According to the CDC, August has the higher number of births on average each year. That’s coming up soon, and if you’re expecting this summer, there’s still some time to prepare for your new family financially. In this article, we’ll dive into five ways you can financially prepare for your growing family. Following these will help you transition smoothly into caring for your new child.
1. Get a life insurance policy
A life insurance policy can protect your family in your absence. With life insurance, you pay monthly premiums to keep your policy active. If you pass away while the policy is active, your beneficiaries receive a substantial death benefit to replace your income and cover any debts.
There are many kinds of life insurance, such as term and permanent life insurance. Once you compare the types of policies, you’ll need to look for life insurance quotes. Looking for life insurance online is a great way to do this. You can compare life insurance quotes from several insurers quickly, making it easy to find a policy with the coverage you need within your budget.
2. Update your budget
Caring for children involves many new expenses, so you’ll need to update your budget to account for these. You may also find that you need to cut costs elsewhere to afford these childcare costs. Use this time to slash anything you don’t need, then reconsider your other spending to see if you can save more money.
3. Set aside more for emergencies
Many experts recommend having at least three to six months of living expenses set aside for emergencies. You should aim for even more if you’re having a child soon, such as six to nine months. First, having a child means more expenses in general, which means you’ll need more stored away. However, having a new child increases the chance you’ll need to use that emergency fund. For example, if you need to take time off work beyond any parental leave offered, or if there’s an emergency related to your child, having the extra emergency savings will be extremely helpful.

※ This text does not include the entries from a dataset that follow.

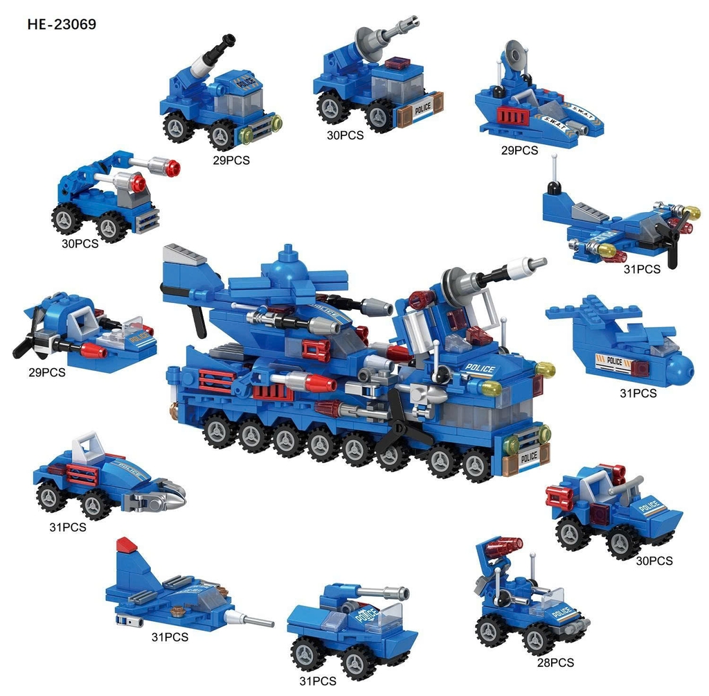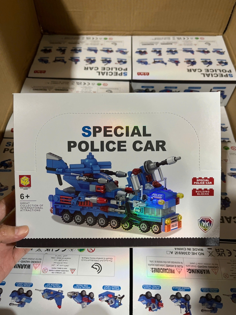 Bộ xếp hình xe cảnh sát đặc biệt 12 mẫu mã HE-23069 (Bán lốc 12 hộp)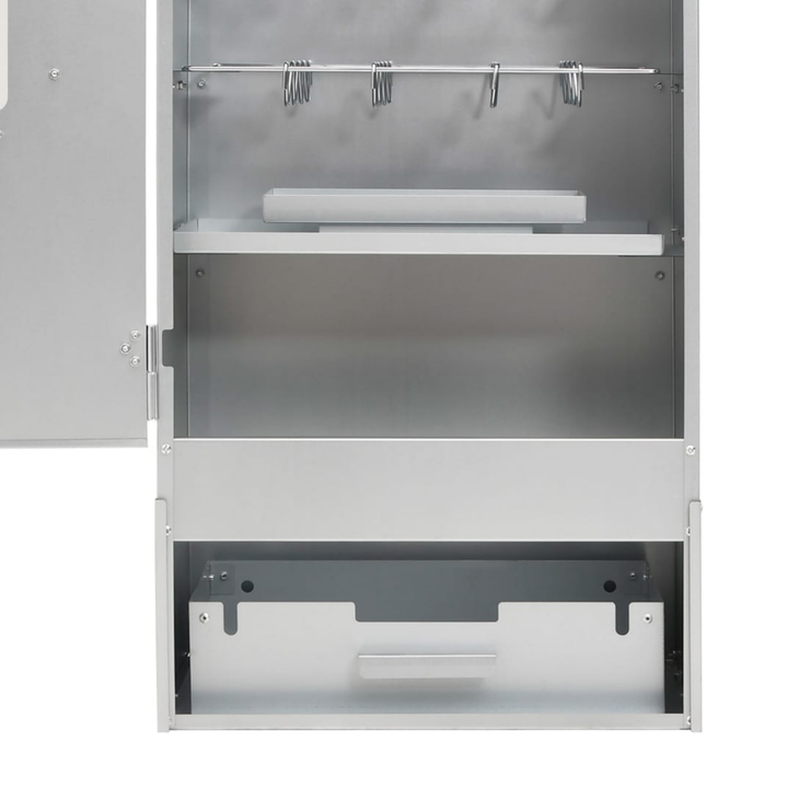 Уред за опушване на месо със стъкло неръждаема стомана е изработен от неръждаема стомана с дебелина 1мм. Горната му част представлява самата камера за опушване, където се поставят и готвят продуктите. Тя разполага с широка врата със стъкло. Вътрешната й част е оборудвана с 13 броя куки за месо, 15 броя шишове за куките. За допълнително улеснение при приготвянето на храната, вратичката разполага с отвор за поставяне на термометър. Термометърът е включен в комплекта. С него можете да следите каква е температурата във всеки един момент в уреда и на каква температура трябва да се приготвят различните видове меса. Най-отдолу има 1бр, тавичка, в която се събира мазнината при приготвянето на месото.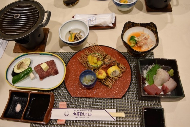 人気の懐石料理には、海の物を始め、『おおいた豊後牛』も提供されます。

4. Think about college costs
Tuition rates are rising every year. The earlier you begin saving, the better if you want your child to go to college. They won’t have to rely on student loans as much if they have more money saved. Look into college savings accounts, like 529 Plans or Coverdell accounts. These let you grow your contributions, and gains withdrawn could be tax-free when used on qualifying expenses.
Custodial investment accounts are also worth considering. These are accounts put in your child’s name but managed by you. Once your child reaches the age of majority, they get full control of the account. As a result, these accounts can be a great way to start building your child’s finances early. It can provide them with additional funds for college and other costs when they reach adulthood.
5. Update your estate plan
Having a new child necessitates that you update your estate plan. This will ensure your assets are passed down correctly, helping you avoid probate court and potential family conflict. Part of estate planning includes updating beneficiaries across all your investment accounts. Check with all your financial institutions and update your list of beneficiaries after your child is born.
Create financial security for your new family
A new child is a huge financial commitment. But by following the right steps, you can minimize stress and feel financially prepared. Start by getting a life insurance policy to ensure your family’s covered if the worst happens. After that, update your budget and slash unnecessary expenses before adding to your emergency savings. Then, plan for the future by looking over your options for college savings and updating your estate plan. Taking action on these items as soon as possible helps you maximize financial security for your growing family.